CHICKEN AND VEGETABLE QUESADILLA
Provided by Sheila Lukins
Categories Chicken Appetizer Super Bowl Kid-Friendly Quick & Easy Oscars Father's Day Dinner Lunch Poker/Game Night Jalapeño Tortillas Monterey Jack Parade Peanut Free Tree Nut Free Soy Free Small Plates
Yield Makes 4 servings
Number Of Ingredients 15
Steps:
- 1. Prepare the salsa. Gently fold together all the salsa ingredients in a bowl. Refrigerate, covered, until ready to use, up to 4 hours.
- 2. Sprinkle 2 tortillas evenly with half of the cheese. Scatter the chicken, mushrooms, scallions, and basil equally over the cheese. Dot both with sour cream. Sprinkle with the remaining cheese.
- 3. Place a second tortilla over each, creating a sandwich, or quesadilla.
- 4. Heat a nonstick dry skillet over medium heat. Place a quesadilla in the skillet and cook, turning once, until tortilla browns slightly, 3 to 4 minutes per side. Remove to a low oven to keep warm. Repeat.
- 5. Cut each quesadilla into quarters. Top with salsa.
Tips:
- Choose the right tortillas: Freshly made tortillas are the best option, but you can also use store-bought ones. Look for tortillas that are soft and pliable.
- Heat the tortillas properly: Before filling and folding the quesadillas, heat the tortillas in a skillet or on a griddle until they are warm and slightly crispy.
- Don't overload the quesadillas: Too much filling will make the quesadillas difficult to fold and cook evenly.
- Use a variety of fillings: Chicken and vegetables are a classic combination, but you can also use other fillings, such as beef, pork, shrimp, or beans. Get creative and experiment with different flavors and textures.
- Cook the quesadillas slowly and evenly: Cook the quesadillas over medium heat until the tortillas are golden brown and the cheese is melted and bubbly. Don't rush the process, or the quesadillas will not cook evenly.

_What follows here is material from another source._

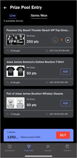 Visit the Auction section of the app. If you see a prize you want, use your points to place a bid! Tap “Place Bid” and us the + and - buttons to adjust your bid amount!

- Serve the quesadillas immediately: Quesadillas are best served hot and fresh out of the skillet. You can garnish them with salsa, guacamole, sour cream, or your favorite toppings.
Conclusion:
Chicken and vegetable quesadillas are a delicious and versatile dish that can be enjoyed for breakfast, lunch, or dinner. They are easy to make and can be customized to your liking. With a few simple tips, you can make perfect quesadillas every time.